Its how you make gold on the AH, buy low sell high
That shouldn’t label you as a market manipulator
No I don’t see how that looks suspicious. What’s the difference between buying something someone lists for 100 gold on my main’s server and reselling it for 300 gold on my main’s server and buying something somebody lists for 100 gold on a high pop server and reselling it for 300 gold on my main’s server?
Blizzard has put this functionality in game with warbanks and cross-realm trading. It hasn’t put any functionality in game to tell me if I might be buying something that somebody obtained through tainted gold or to prevent people who buy gold with real money from buying my stuff on the auction house, if that’s what caused the account action.

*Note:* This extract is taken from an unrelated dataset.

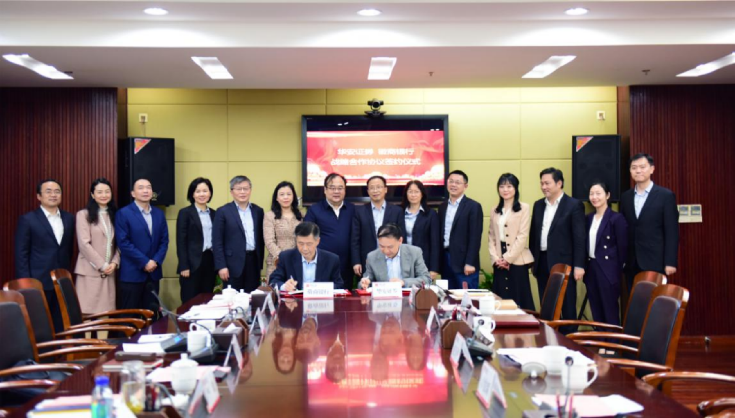 10月20日下午,华安证券与徽商银行举行战略合作协议签约仪式。华安证券党委书记、董事长、总经理章宏韬,徽商银行党委书记、董事长严琛及双方相关负责人出席签约仪式。公司党委委员、副总经理方立彬与徽商银行党委委员、副行长张居中作为双方代表签署协议。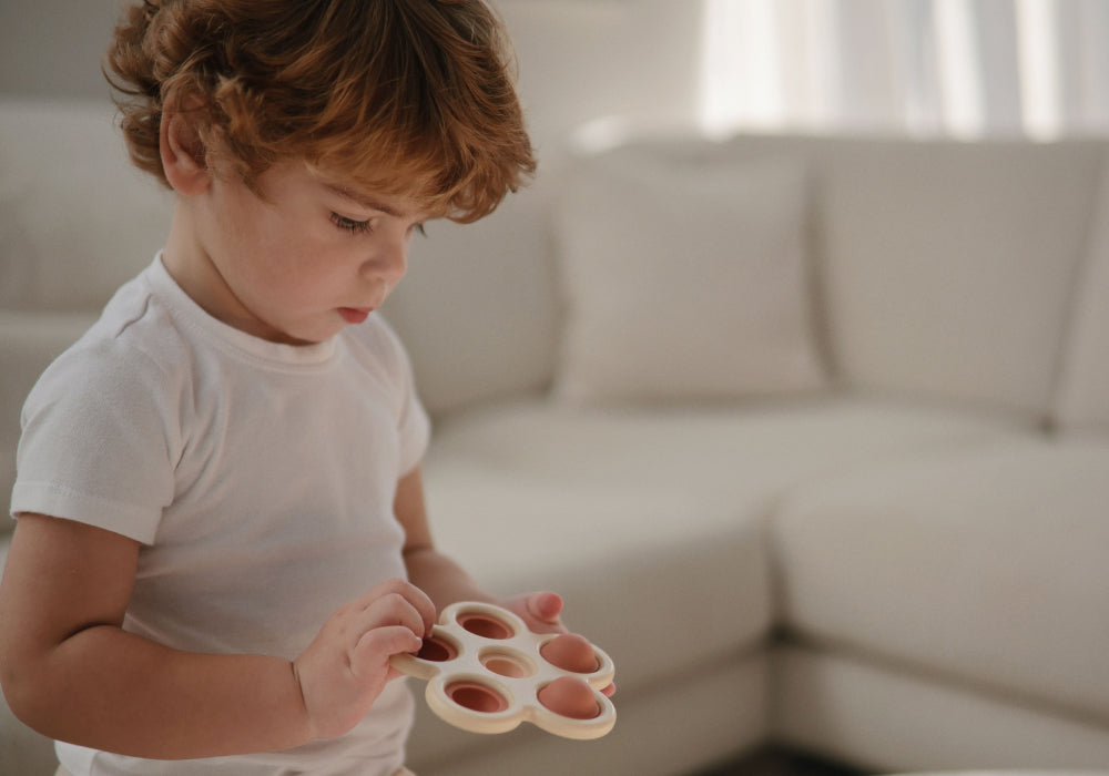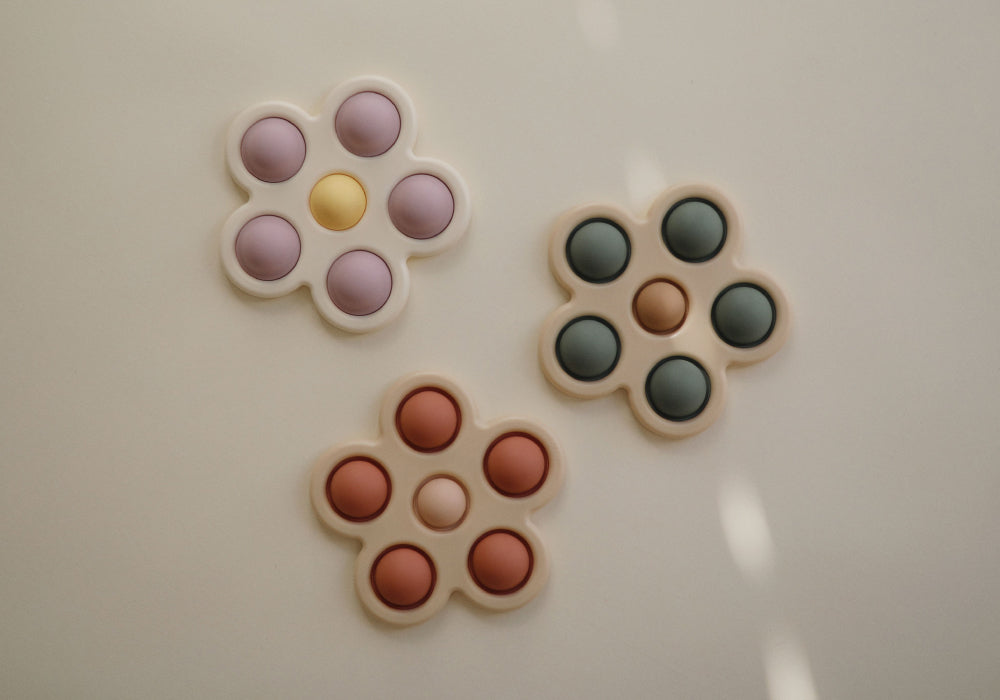 丸いシリコンの部分を押すとやさしく弾ける音が鳴って楽しい。押すのが楽しいおもちゃ、安心安全の食品グレードシリコンでできているので、お子様が口に含んだり、舐めてしまっても大丈夫。シリコンなので握りやすく思いっきり遊べ学べます。

I wonder if this banwave has anything to do with people undercutting people on the AH and getting mass reported by cartel/rmters
All the people that got banned have the common thing of flipping/selling stuff on the auction house
But this makes no sense; it’s literally something I have no control over as a player (other than not to participate in one of the major systems of the game.)
Also and hypothetically (I would never do this), but what’s to keep me from buying gold with real money and then buying out a person’s auctions just to get them in trouble?
The AH is a free market, so you can undercut anyone as much as you like.
Also, mass reports are not a thing. Though you can report anyone for anything, it is up to the GM to determine if rules were broken or not.
I got a response overnight that affirmed the suspension. I am at a complete loss. I responded to it again asking for a review, but I am shocked that this many people can have the same false positive without some kind of higher review of what took place.
It’s not actually uncommon for a number of innocents to get caught up in a dragnet.